Common Issues and Fixes

Skill Doesn't Trigger

Symptoms: Claude doesn't load skill context when expected

Diagnose:

  1. Description too vague?
  2. Description missing trigger keywords?
  3. Name too generic?

Fix:

# Before
description: Python development helpers

# After
description: Create Python projects using Hatch and Hatchling for dependency management. Use when initializing new Python packages or configuring build systems.

Skill Triggers Too Often

Symptoms: Skill loads for unrelated queries

Diagnose:

  1. Description too broad?
  2. Keywords too common?

Fix:

# Add specificity and exclusions
description: Debug Swift applications using LLDB for crashes, memory issues, and runtime errors. Use when investigating Swift bugs or analyzing app behavior.

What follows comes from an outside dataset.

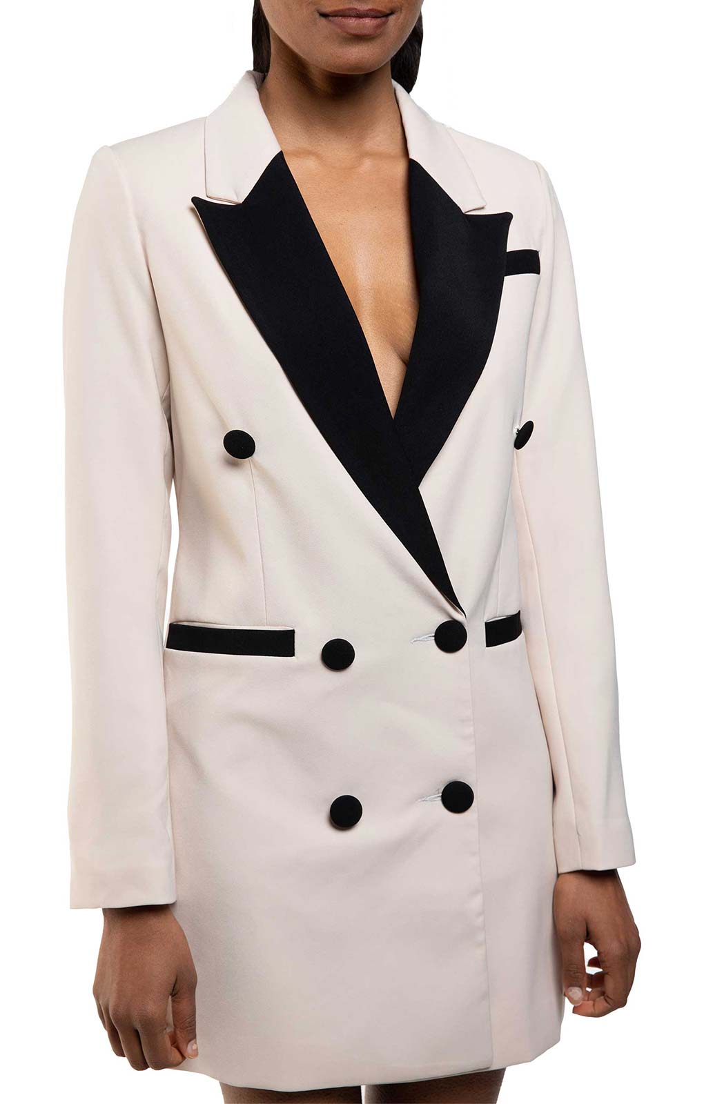 The Zoe Blazer Dress is double-breasted with contrast lapels and features a mini length, long sleeves, contrast centre-front buttons, pockets at the front, lining, a slightly relaxed fit and no stretch throughout the garment

NOT for general Swift coding or learning.

Examples Don't Work

Symptoms: Users can't reproduce examples

Diagnose:

  1. Missing prerequisites?
  2. Placeholders not explained?
  3. Environment-specific code?

Fix:

  • Add prerequisites section
  • Make examples self-contained
  • Use generic paths and values

High Token Usage

Symptoms: Skill loads too much content

Diagnose:

  1. Too much in SKILL.md?
  2. No progressive disclosure?
  3. Verbose examples?

Fix:

  • Split reference material to separate files
  • Link to external resources
  • Condense examples
  • Move advanced content to on-demand files

Automated Testing (Advanced)

For repositories with many skills, consider automation:

Validate All Skills

#!/bin/bash
# validate-skills.sh

for skill_dir in */; do
    if [ -f "$skill_dir/SKILL.md" ]; then
        echo "Validating $skill_dir..."

        # Check frontmatter exists
        if ! grep -q "^---$" "$skill_dir/SKILL.md"; then
            echo "❌ Missing YAML frontmatter"
        fi

        # Check name length
        name=$(grep "^name:" "$skill_dir/SKILL.md" | sed 's/name: //')
        if [ ${#name} -gt 64 ]; then
            echo "❌ Name too long: ${#name} chars"
        fi

        # Check for secrets
        if grep -qiE "(password|api[_-]?key|secret)" "$skill_dir/SKILL.md"; then
            echo "⚠️  Potential secrets found"
        fi

        echo "✓ $skill_dir validated"
    fi
done

CI/CD Integration

Add to GitHub Actions or similar:

name: Validate Skills
on: [push, pull_request]

jobs:
  validate:
    runs-on: ubuntu-latest
    steps:
      - uses: actions/checkout@v2
      - name: Run validation
        run: |
          chmod +x validate-skills.sh
          ./validate-skills.sh

Documentation Testing

Ensure documentation is accurate:

  1. Links work: All markdown links resolve
  2. Paths are correct: File references are accurate
  3. Examples are current: Code samples match latest versions
  4. Formatting is consistent: Markdown renders correctly
# Check for broken internal links
grep -r '\[.*\](.*\.md)' . | while read line; do
    # Extract and verify file exists
    # (implementation left as exercise)
done

User Acceptance Testing

The ultimate test is real usage:

  1. Give skill to others: Have colleagues test it
  2. Monitor usage: See when it triggers in practice
  3. Gather feedback: Ask users about clarity and usefulness
  4. Iterate: Refine based on real-world usage

Testing Checklist Template

Copy this for each skill you test:

# Testing Report: [Skill Name]

Date: [YYYY-MM-DD]
Tester: [Name]

## Metadata
- [ ] YAML valid
- [ ] Name ≤ 64 chars
- [ ] Description ≤ 1024 chars
- [ ] Trigger scenarios in description

## Content
- [ ] "When to Use" section present
- [ ] Examples runnable
- [ ] File references accurate
- [ ] No secrets

## Triggering
Positive tests:
1. [Scenario] - Result: [ ] Pass [ ] Fail
2. [Scenario] - Result: [ ] Pass [ ] Fail

Negative tests:
1. [Scenario] - Result: [ ] Pass [ ] Fail
2. [Scenario] - Result: [ ] Pass [ ] Fail

## Security
- [ ] No credentials
- [ ] No personal data
- [ ] Safe file access
- [ ] Dependencies verified

## Overall
- [ ] Ready for production
- [ ] Needs revision
- [ ] Rejected

Notes:
[Any additional observations]

Resources


Remember: Testing isn't just about finding bugs—it's about ensuring your skill provides real value and triggers at the right time.